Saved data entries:
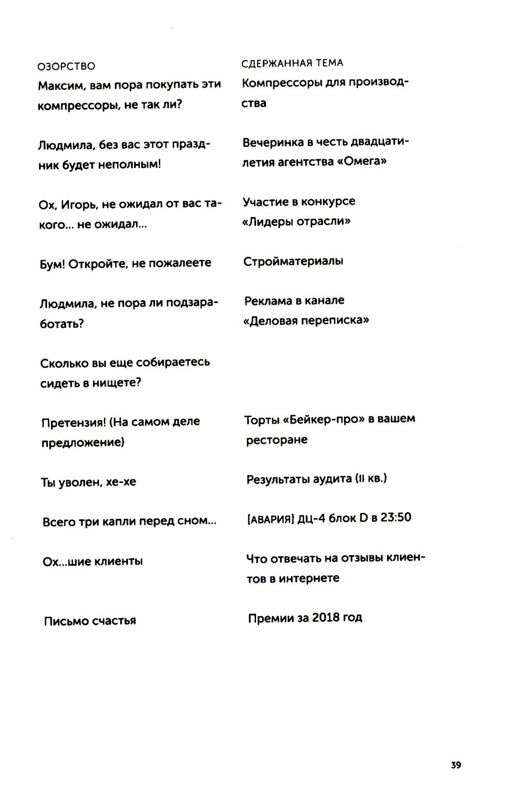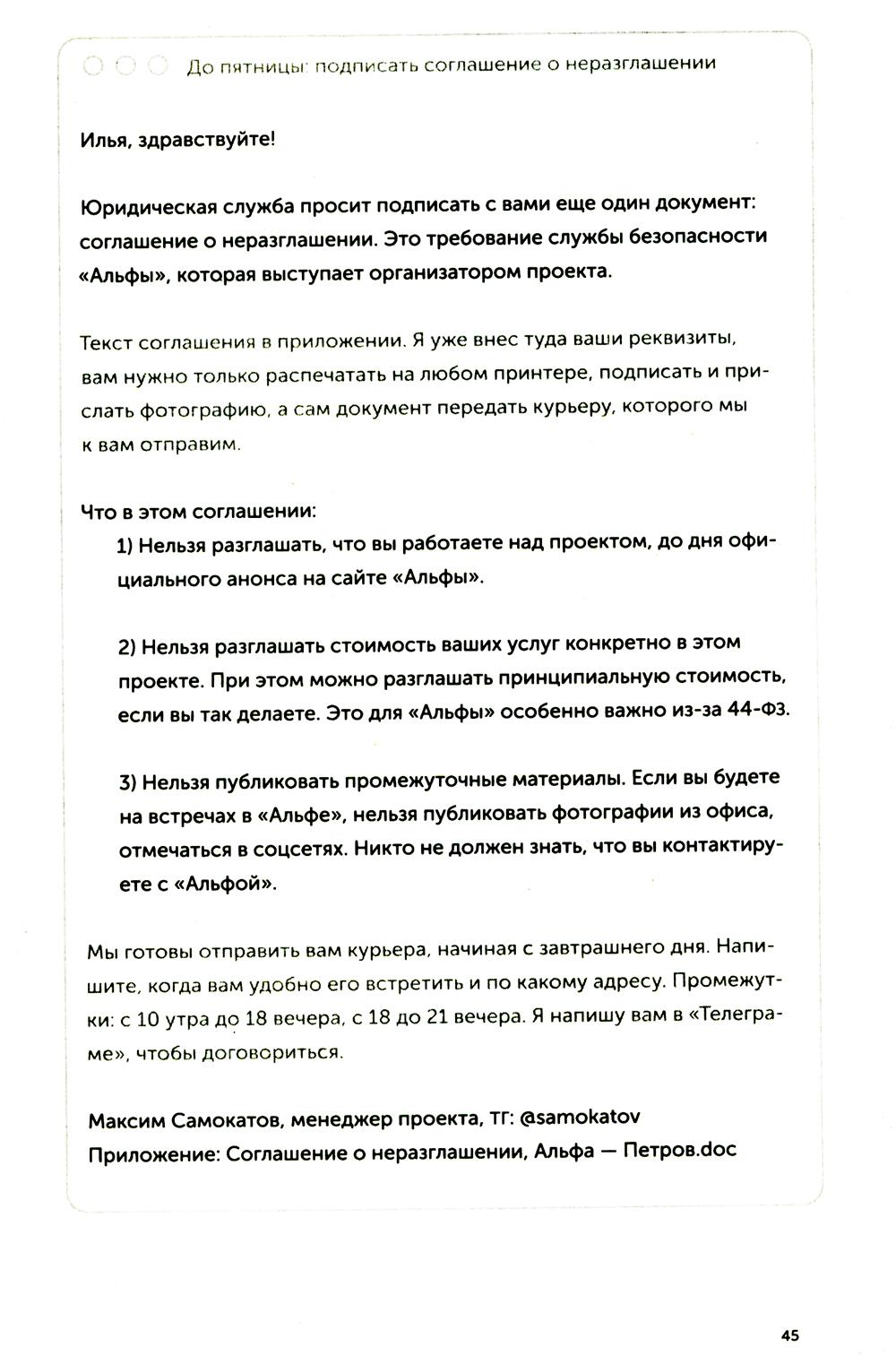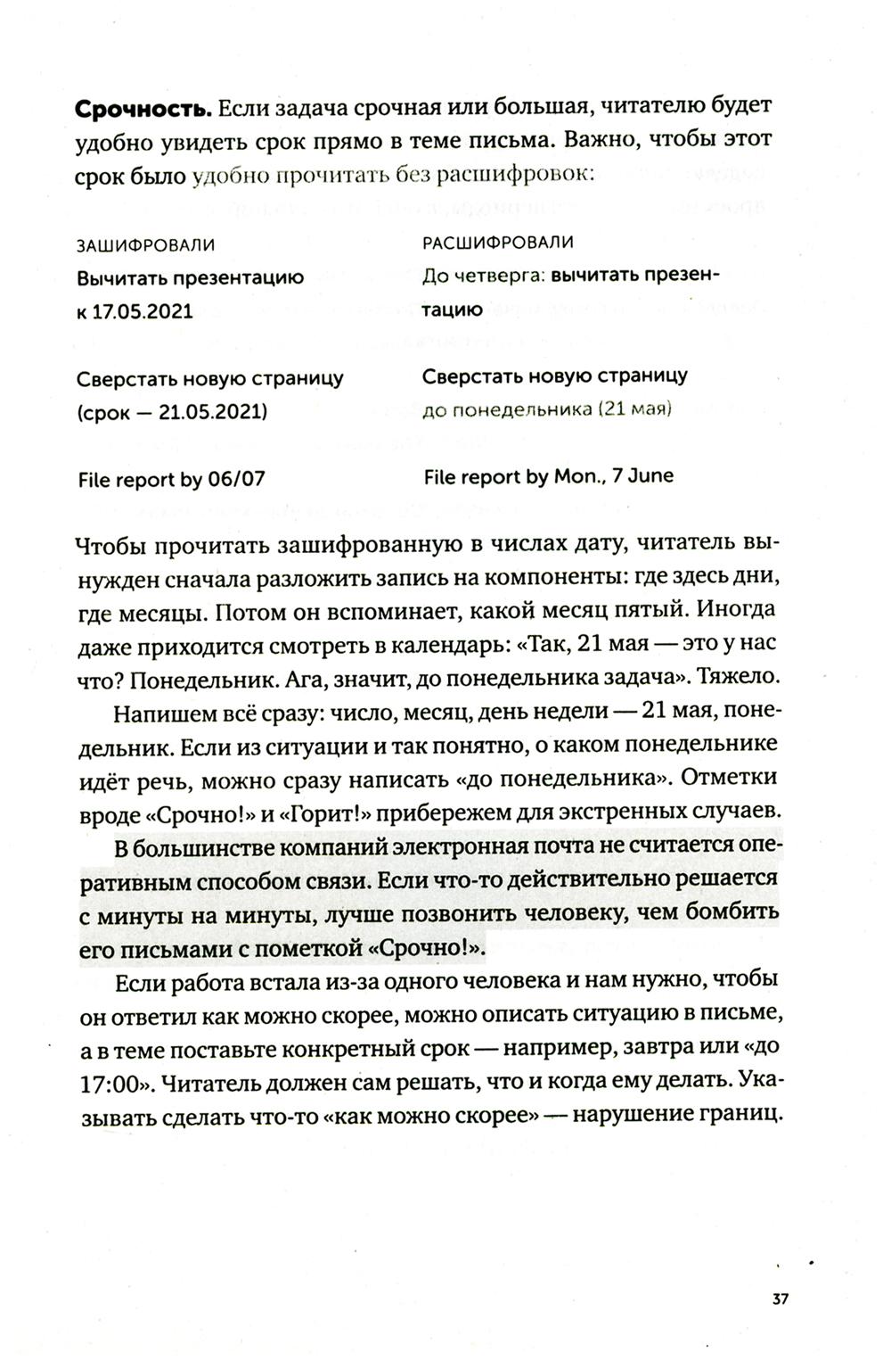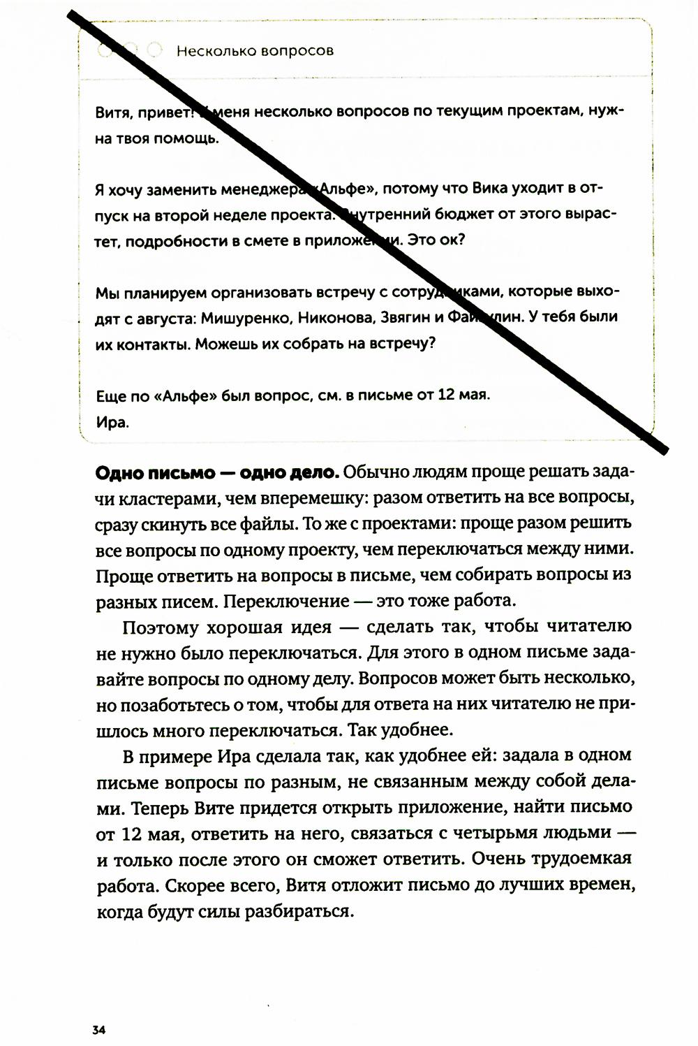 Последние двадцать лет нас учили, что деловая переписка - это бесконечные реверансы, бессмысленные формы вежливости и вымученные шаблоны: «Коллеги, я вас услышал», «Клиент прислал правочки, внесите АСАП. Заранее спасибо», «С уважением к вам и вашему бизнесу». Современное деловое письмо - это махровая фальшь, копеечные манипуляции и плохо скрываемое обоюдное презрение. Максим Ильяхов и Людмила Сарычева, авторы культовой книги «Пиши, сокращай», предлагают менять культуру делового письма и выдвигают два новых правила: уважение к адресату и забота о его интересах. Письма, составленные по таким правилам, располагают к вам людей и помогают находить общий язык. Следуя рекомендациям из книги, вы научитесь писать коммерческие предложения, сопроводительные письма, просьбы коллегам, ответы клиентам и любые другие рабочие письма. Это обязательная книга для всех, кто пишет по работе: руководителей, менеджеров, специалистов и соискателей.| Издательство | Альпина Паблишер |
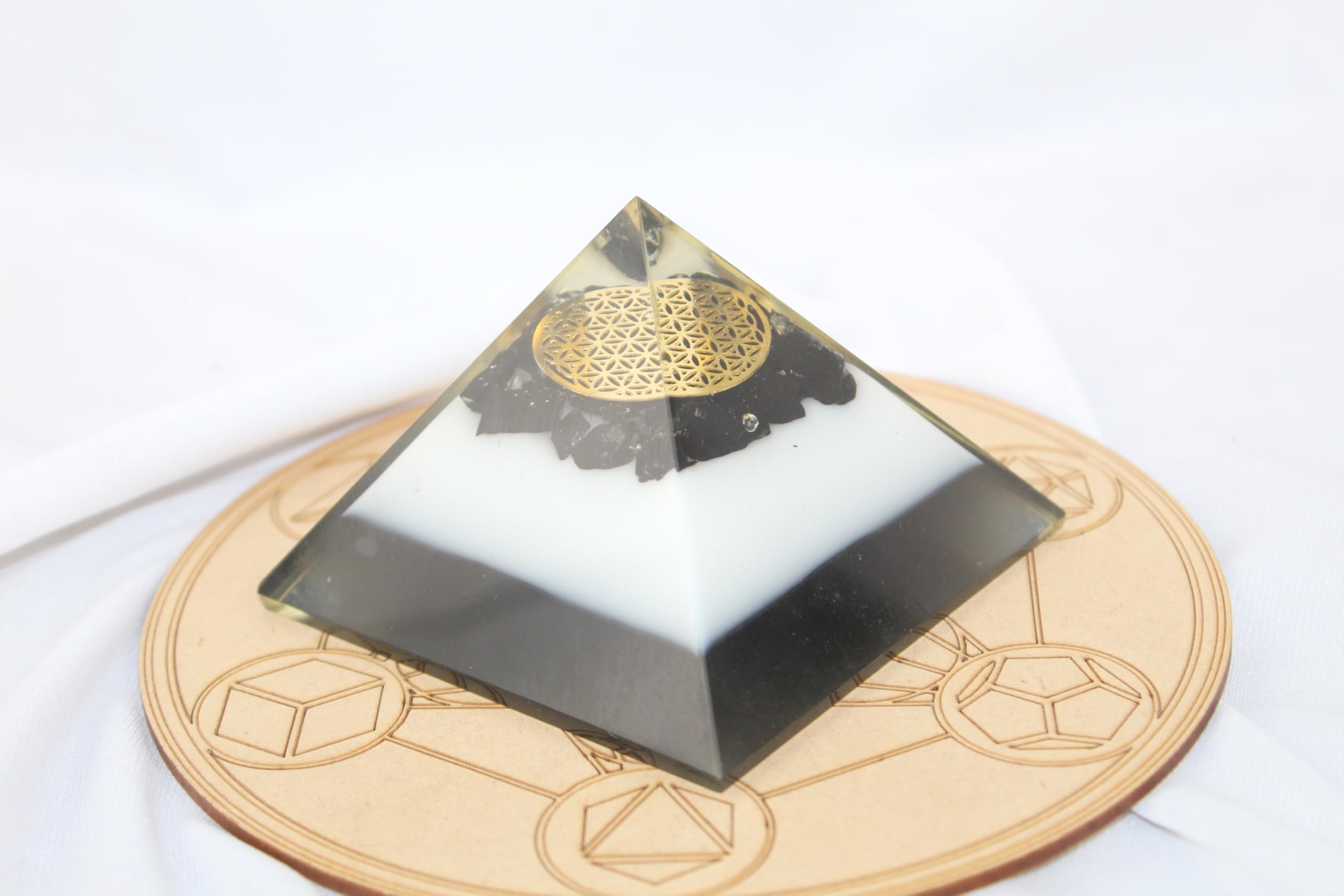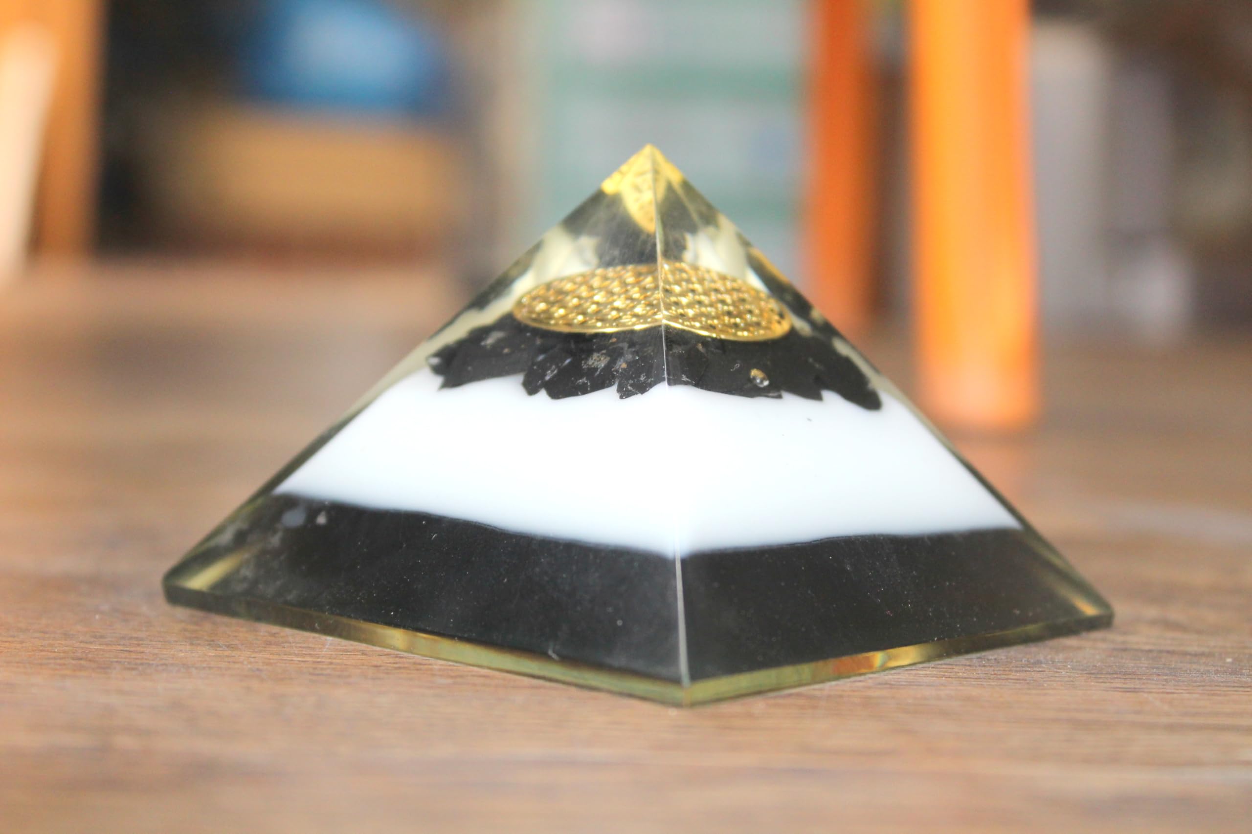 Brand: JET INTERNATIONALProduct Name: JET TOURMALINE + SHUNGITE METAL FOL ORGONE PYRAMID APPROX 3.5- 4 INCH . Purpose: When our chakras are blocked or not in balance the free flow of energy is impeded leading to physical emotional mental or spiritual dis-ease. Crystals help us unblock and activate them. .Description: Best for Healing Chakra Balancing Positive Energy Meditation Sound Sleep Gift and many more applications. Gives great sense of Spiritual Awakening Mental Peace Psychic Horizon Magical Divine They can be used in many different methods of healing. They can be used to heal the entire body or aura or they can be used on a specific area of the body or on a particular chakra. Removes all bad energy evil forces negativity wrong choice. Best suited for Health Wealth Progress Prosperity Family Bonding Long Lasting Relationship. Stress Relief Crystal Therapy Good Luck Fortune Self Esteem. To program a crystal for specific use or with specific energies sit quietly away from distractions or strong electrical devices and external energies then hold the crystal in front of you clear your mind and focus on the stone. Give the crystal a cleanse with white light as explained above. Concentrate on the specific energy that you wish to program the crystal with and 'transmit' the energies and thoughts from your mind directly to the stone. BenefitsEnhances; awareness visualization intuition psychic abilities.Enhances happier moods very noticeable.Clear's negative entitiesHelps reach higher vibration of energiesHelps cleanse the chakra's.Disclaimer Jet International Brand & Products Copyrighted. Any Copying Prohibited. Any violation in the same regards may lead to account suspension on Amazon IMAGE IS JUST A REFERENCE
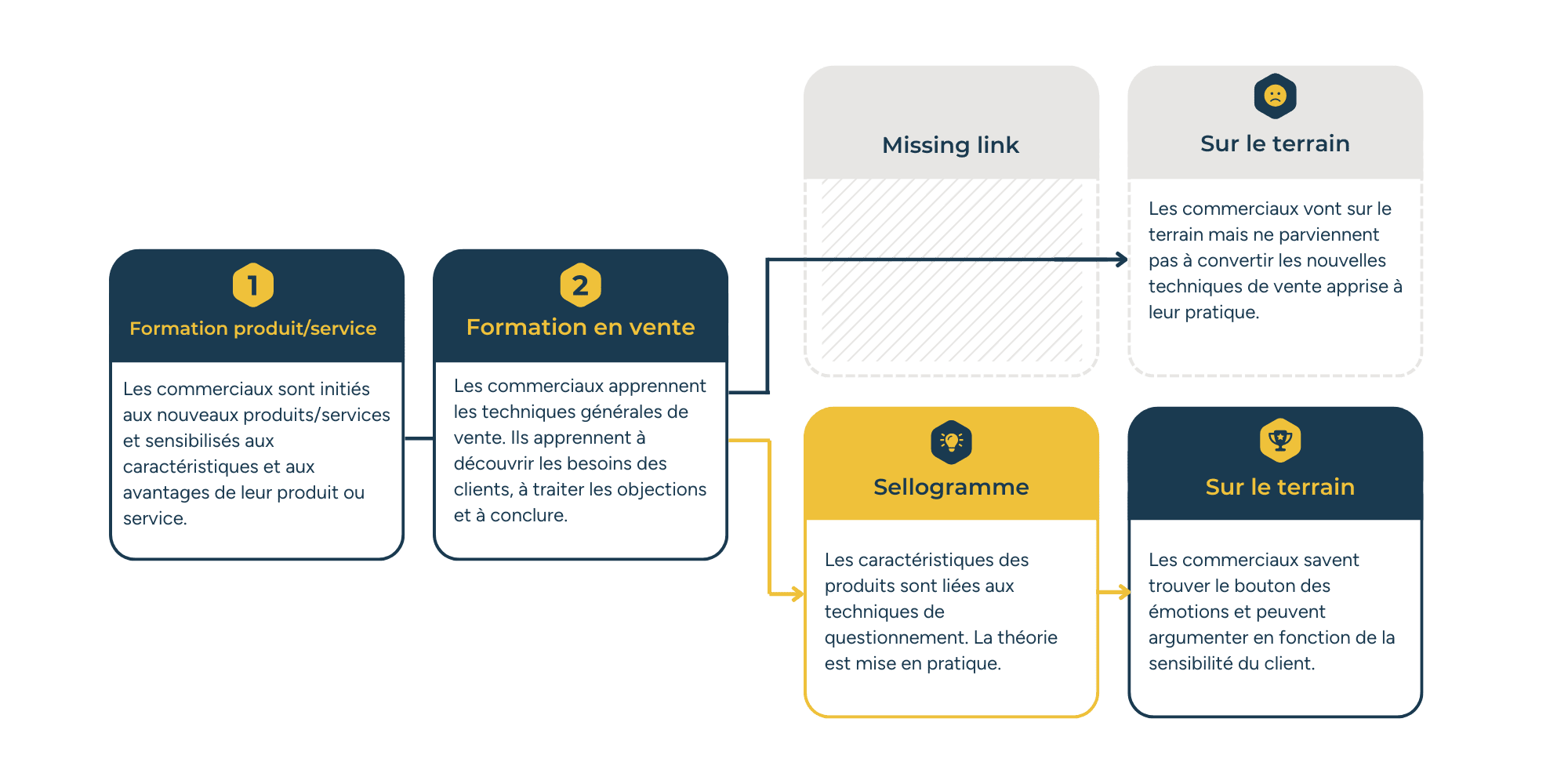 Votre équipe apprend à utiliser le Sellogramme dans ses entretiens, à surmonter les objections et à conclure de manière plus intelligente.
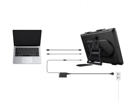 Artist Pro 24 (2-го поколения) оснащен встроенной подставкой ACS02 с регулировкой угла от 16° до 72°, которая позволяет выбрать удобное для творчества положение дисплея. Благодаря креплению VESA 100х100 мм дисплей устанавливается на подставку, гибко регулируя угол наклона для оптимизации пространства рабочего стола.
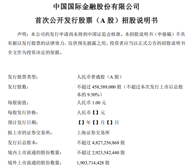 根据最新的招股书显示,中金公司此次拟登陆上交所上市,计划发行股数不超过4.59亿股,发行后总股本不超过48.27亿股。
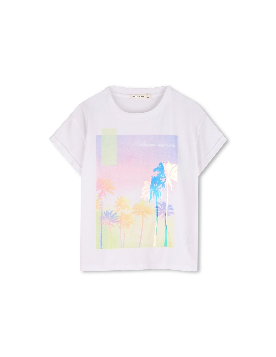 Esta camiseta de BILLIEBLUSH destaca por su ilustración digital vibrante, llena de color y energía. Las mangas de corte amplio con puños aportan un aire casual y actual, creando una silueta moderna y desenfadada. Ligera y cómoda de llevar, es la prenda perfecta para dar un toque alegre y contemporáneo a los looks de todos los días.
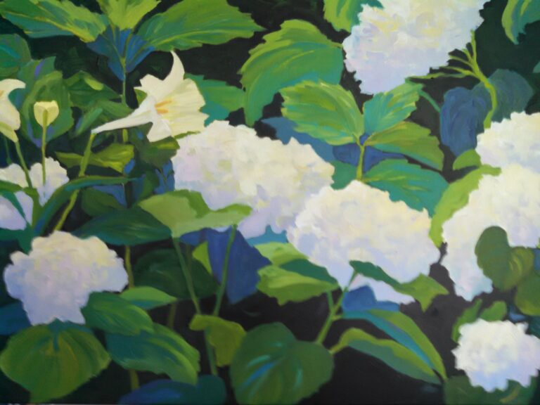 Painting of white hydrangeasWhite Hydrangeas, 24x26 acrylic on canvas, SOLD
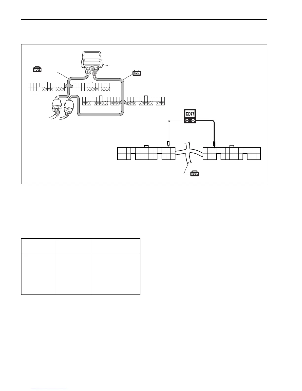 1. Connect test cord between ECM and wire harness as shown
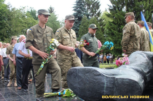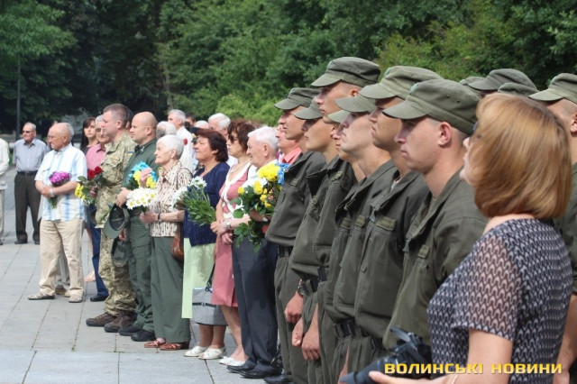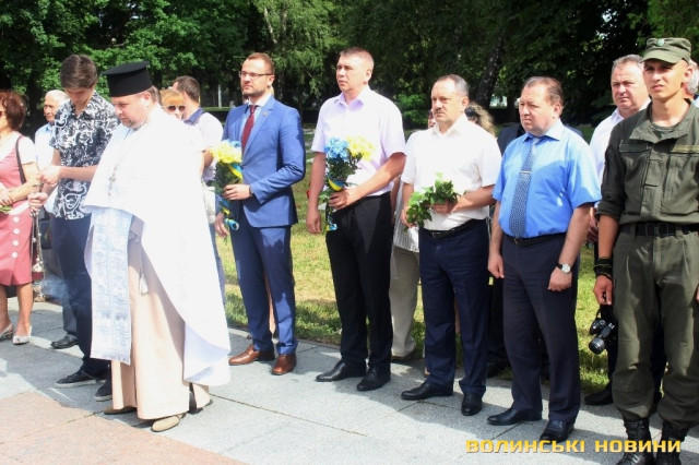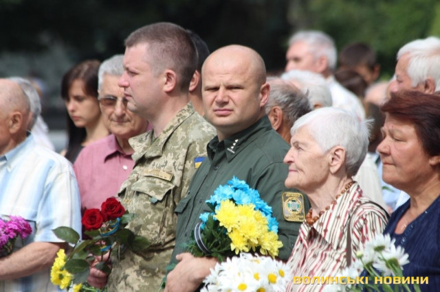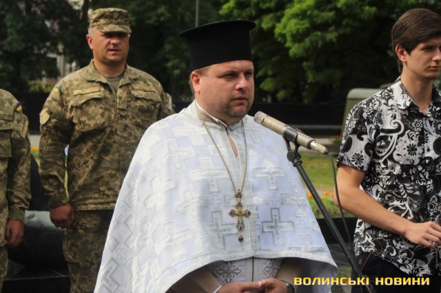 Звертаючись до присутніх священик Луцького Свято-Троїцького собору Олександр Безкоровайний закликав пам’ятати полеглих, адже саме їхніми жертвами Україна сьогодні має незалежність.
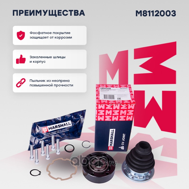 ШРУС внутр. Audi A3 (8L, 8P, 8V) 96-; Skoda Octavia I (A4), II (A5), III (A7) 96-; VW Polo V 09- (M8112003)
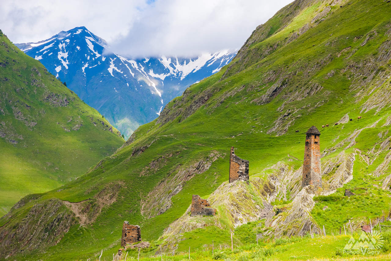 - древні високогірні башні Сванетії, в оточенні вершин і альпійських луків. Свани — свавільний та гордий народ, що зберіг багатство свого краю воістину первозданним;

What to do:
The lines from the one holding "1. Connect test" to the final line of the entries are to be duplicated exactly, and the pictures are to be left out.

Solution for this task:
 1. Connect test cord between ECM and wire harness as shown
 Звертаючись до присутніх священик Луцького Свято-Троїцького собору Олександр Безкоровайний закликав пам’ятати полеглих, адже саме їхніми жертвами Україна сьогодні має незалежність.
 ШРУС внутр. Audi A3 (8L, 8P, 8V) 96-; Skoda Octavia I (A4), II (A5), III (A7) 96-; VW Polo V 09- (M8112003)
 - древні високогірні башні Сванетії, в оточенні вершин і альпійських луків. Свани — свавільний та гордий народ, що зберіг багатство свого краю воістину первозданним;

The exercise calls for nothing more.